Воронов совмещал работу учителя и плотника, что было несколько странно, а жена хозяйничала по дому. Шептали: она могла ворожить и очаровывать. С коллегами Воронов обходился все больше молчком, и только в самом крайнем случае глухо ронял пару-другую фраз, но ни разу никого, ни о чем не попросил; хозяйка же со своим хозяйством и вовсе управлялась одна, без помощников и советников. Не иначе как хозяйство было зачаровано ею.

Гордые, видно, были люди, и потому их сразу же все невзлюбили. До того невзлюбили, что даже сплетен почти не было о них.

Пятилетний сын Вороновых вечно копошился во дворе вместе с курами, а старшая его сестра изредка выходила на улицу и, как тень, не здороваясь ни с кем и не отвечая ни на чьи взгляды, шла к реке, бродила в задумчивости возле воды, а потом так же неторопливо возвращалась домой.

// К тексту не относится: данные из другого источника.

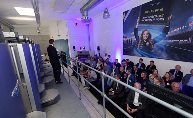Gemeinsam mit 45 namhaften Ausstellern und Branchenpartnern informierte der Veranstalter IST Metz vom 15. bis 18. Mai rund um UV- und LED-UV in Print und Industrie. 920 Gäste aus 33 Ländern empfing der Nürtinger Maschinenbauer dieses Jahr und knackt damit die bisherigen Höchstwerte aus dem Jahr 2015 (670 Gäste). Die Veranstaltung umfasste mehrere Druckvorführungen und Impulsvorträge, Firmenbesichtigungen, Laborführungen sowie verschiedene Themeninseln zu Low Migration, LED-Bogen- und Rollenanwendungen und Industrieanwendungen.
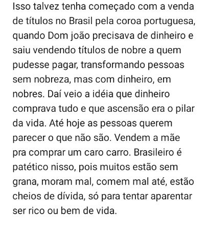 >>215869604Brasil é uma sociedade barroca.O que importa são a aparência e o exagero.Muito do crime vem disso.Pessoas que não passam necessidade cometem crimes para poderem comprar marcas caras para ostentarem barrocamente..
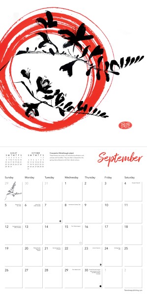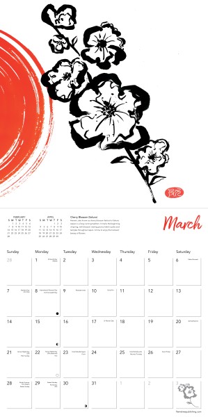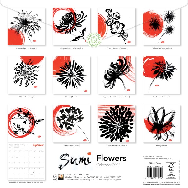 This calendar showcases the Sumi ink artwork of Regency Pugh, featuring 12 beautiful images of flower heads in simple black, anchored by bold orange brushwork. Trained in Creative Arts, followed by a career in design, illustration and art direction, Regency Pugh has studied Japanese art, culture and calligraphy for many years, both in Japan and the UK. She has developed her use of Sumi ink and Japanese brushes into an individual art style, always maintaining the simplest form and minimal line. Informative text accompanies each work, and the datepad features previous and next month’s views. Printed on FSC-certified paper, with plastic-free packaging.
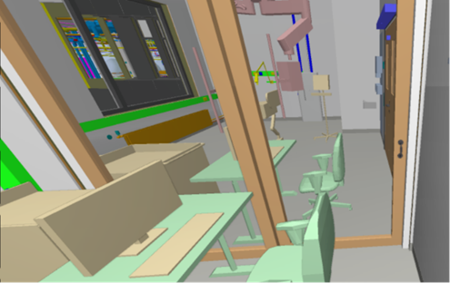 Det er skyvedør med stort glassfelt mellom intensivrommene. Arbeidsplassene er plassert rett ved skyvedøren
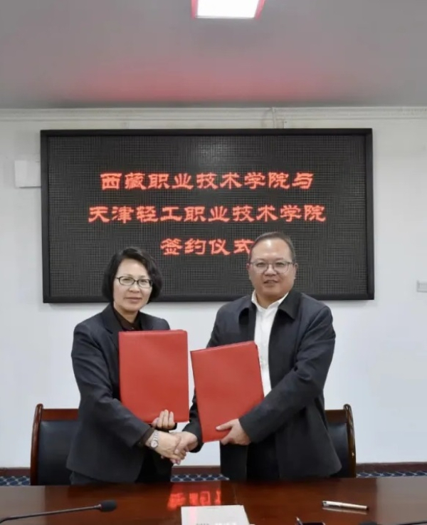 職業(yè)教育活動周期間,天津輕工職業(yè)技術學院黨委副書記、院長李云梅一行應邀赴西藏職業(yè)技術學院考察交流,指導該院“新雙高”申報以及國家級職業(yè)教育教師創(chuàng)新團隊建設,并代表學校與西藏職業(yè)技術學院簽署合作協(xié)議。西藏職業(yè)技術學院黨委副書記、院長陳飛,黨委委員、副院長徐斌等出席了簽約儀式。
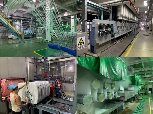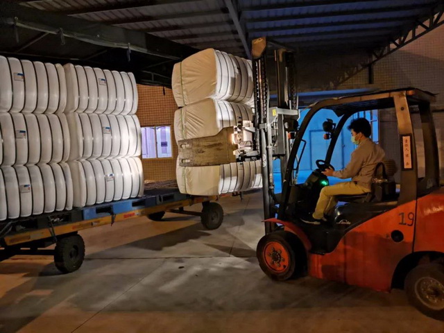 這一段時(shí)間里,象嶼興泓公司上下一派熱火朝天的工作景象,銷售部門口罩原料訂貨電話響個(gè)不停;生產(chǎn)線上,共三條ES衛(wèi)材生產(chǎn)設(shè)備24小時(shí)運(yùn)轉(zhuǎn),投料、紡絲、卷繞、延伸、烘干、切斷……一道道工序嚴(yán)格把關(guān),包包做工優(yōu)質(zhì)的ES衛(wèi)材新鮮出爐;倉(cāng)庫(kù)前,各工種緊密協(xié)同,快速有序地將產(chǎn)品打包裝車,源源不斷發(fā)往下游口罩生產(chǎn)企業(yè)。
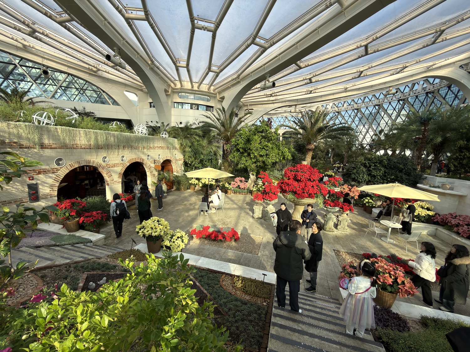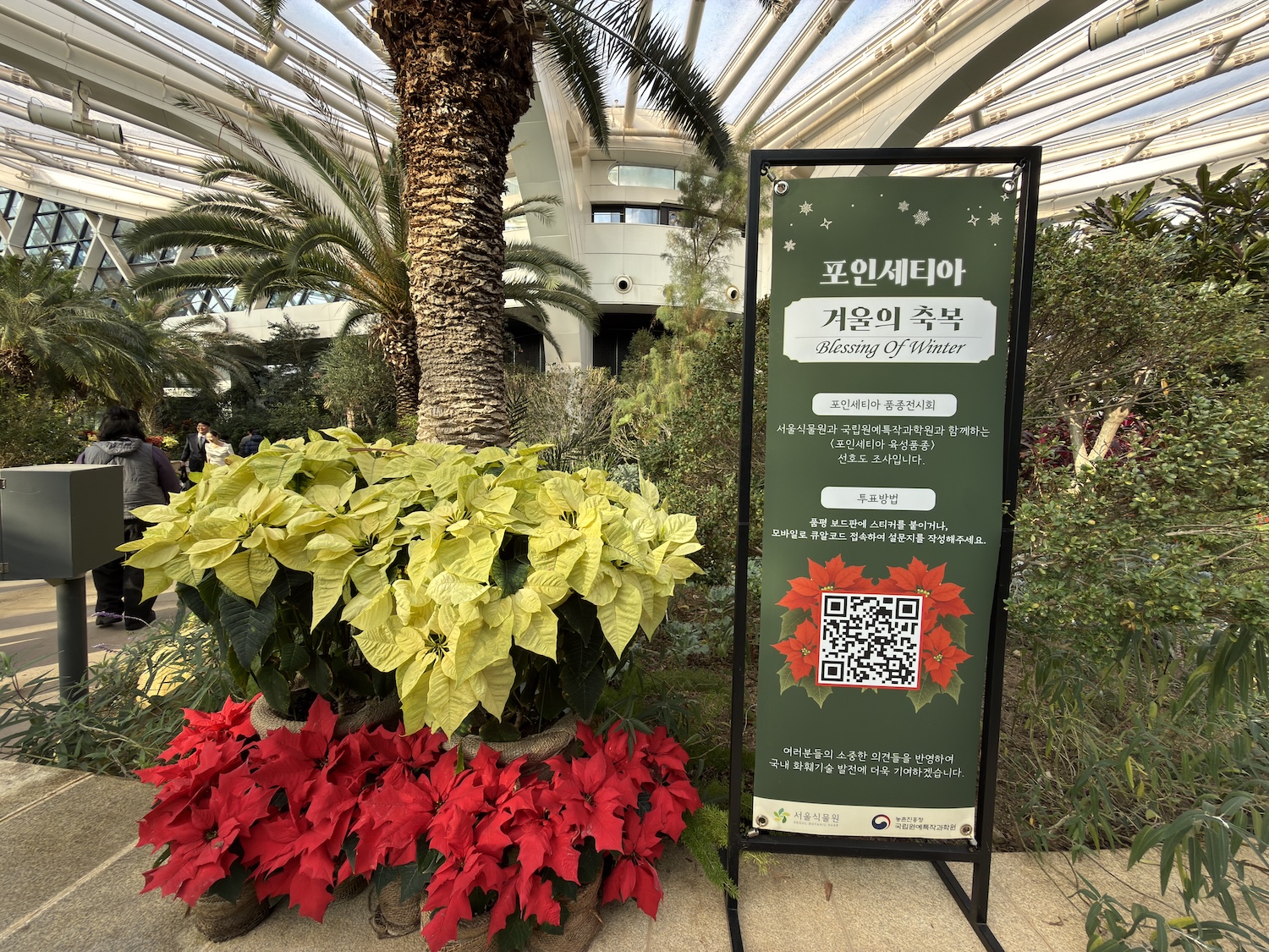 온실에는 '스카이워크'가 설치되어 다양한 높이와 각도에서 식물들을 볼 수 있도록 하고 있다. ©서울농부포털서울식물원에서는 시기별로 다양한 기획 전시를 마련해 특별함을 더하고 있습니다. 지난해 11월부터 올해 1월까지는 "난초와 포인세티아가 선사하는 겨울정원 <윈터 가든>"이 운영됩니다. <윈터 가든>에서는 '춤추는 여인 난초' 온시디움, '난초의 여왕'이라 불리는 카틀레야 이외에도 덴드로비움, 심비디움, 파피오페딜룸, 팔레놉시스 등 40여 종의 열대 난초들이 전시된 '오늘, 난(蘭)' 프로그램과 함께 레드 볼, 플레임, 레드 엘프, 슈가 볼, 카니발, 하이디 핑크, 스노우 볼, 안젤라, 그린 스타 등 국내에서 개발된 9가지 포인세티아 품종을 전시하는 '겨울의 축복' 프로그램이 진행되어 한겨울에도 열대와 지중해의 향취를 전하고 있습니다.

Она была красива, но что-то болезненное было в ее красоте, некая гордая покорность судьбе, как ни странно сочетание этих слов. И на лице ее были отсветы некой светлой тайны, спрятанной в глубине души, — завораживало это лицо!

К девушке как-то пробовали пристать подвыпившие парни, но она спокойно, насмешливо и так странно посмотрела на них, что те позабыли, куда и шли.

Дерейкины поначалу тоже пробовали сойтись с соседями (ведь жить рядом, да и хозяин учитель!), но получили отпор и, надо отдать им должное, восприняли его без особой досады. Не хотят, и не надо — насильно мил не будешь. Жаль, конечно, пацанята могли бы вместе играть, все было бы веселей. Ну да как хотят!

Федя все утро сидел на завалинке и пускал юлу. Ему сегодня не повезло: спросонья он наступил на гвоздь и пропорол ногу. Замотав ранку тряпкой, он хотел, было, податься на речку, но наступать было больно. Хорошо, нашлась юла. Федя положил на завалинку глазурованную плитку, на ней юла крутилась долго и ровно.

Сперва Федя почувствовал на себе взгляд, а потом и тень. Он поднял голову, рядом стояла дочка Вороновых и сосредоточенно смотрела на то, как юла готовится упасть: та вдруг вышла из замершего состояния, вздрогнула и стала, виляя бочками, исполнять замысловатый танец.

— Ну-ка еще раз, — попросила девушка.

Федя с готовностью ловко запустил юлу. Та замерла, и с нее срывались, вспыхивая на солнце, искорки.

— Почему она не падает?

— Подожди, сейчас, — сказал Федя. — Видишь, как я ее сильно запустил? Приловчиться надо.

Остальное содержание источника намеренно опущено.